– Вы здесь, зачем? – вскрикнула она.
– Я здесь как врач около больной, – спокойно, настолько, насколько это было возможно в его положении, отвечал Федор Осипович, хотя это «зачем» больно резануло его по сердцу.
– А… – произнесла больная и закрыла глаза.
Тяжелый вздох против воли вырвался из груди Федора Осиповича.
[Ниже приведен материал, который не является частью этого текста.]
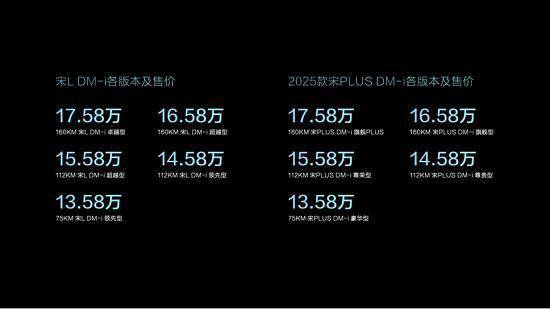 7月25日,搭载比亚迪第五代DM技术的宋L DM-i及2025款宋PLUS DM-i正式上市。两款新车各推出5个版本,官方指导价均为13.58万-17.58万元。

Он отдал некоторые распоряжения относительно ухода за больной присутствовавшей в спальне Наташе и вышел с грустно наклоненной головой.
Чувствительная девушка проводила его сочувственным взглядом и даже метнула взгляд укоризны на лежавшую с закрытыми глазами больную графиню Надежду Корнильевну.
На другой день вечером Федор Осипович снова заехал к графине Вельской.
– Как здоровье графини? – спросил он у отворившего ему дверь лакея.
– Их сиятельство сегодня встали и чувствуют себя, как кажется, лучше.
– Доложи, что приехал доктор. Не пожелает ли графиня меня принять?
– Слушаюсь-с, – сказал лакей и удалился, оставив доктора Неволина в зале.
Мы уже говорили, что Федор Осипович был почему-то твердо уверен, что безумная любовь, питаемая им к подруге своего детства и разделяемая ею не только в прошлом, но и в настоящем, должна увенчаться браком.
Смерть графа Вельского, о которой он узнал тоже из газет даже ранее Надежды Корнильевны, нисколько не поразила его.
Эта смерть – так сложилось его внутреннее убеждение – была неизбежна, она устраняла последнее препятствие к соединению любящих сердец.
Как-то особенно сладко было ощущать Неволину висевший у него на груди медальон графини Вельской.
Он, как сумасшедший, стремглав помчался на призыв Наташи к почувствовавшей себя дурно графине Надежде Корнильевне и вдруг…
Холодное, почти тоном упрека сказанное вчера молодой женщиной «зачем» леденило мозг Федора Осиповича.
«Ужели она теперь не примет меня, – неслось в его голове, в ожидании возвращения лакея, – меня, который любит ее всем сердцем, жизнь которого не полна без нее, и для которой я готов ежеминутно пожертвовать этой жизнью?»
Федору Осиповичу казалось, что лакей не возвращался целую вечность.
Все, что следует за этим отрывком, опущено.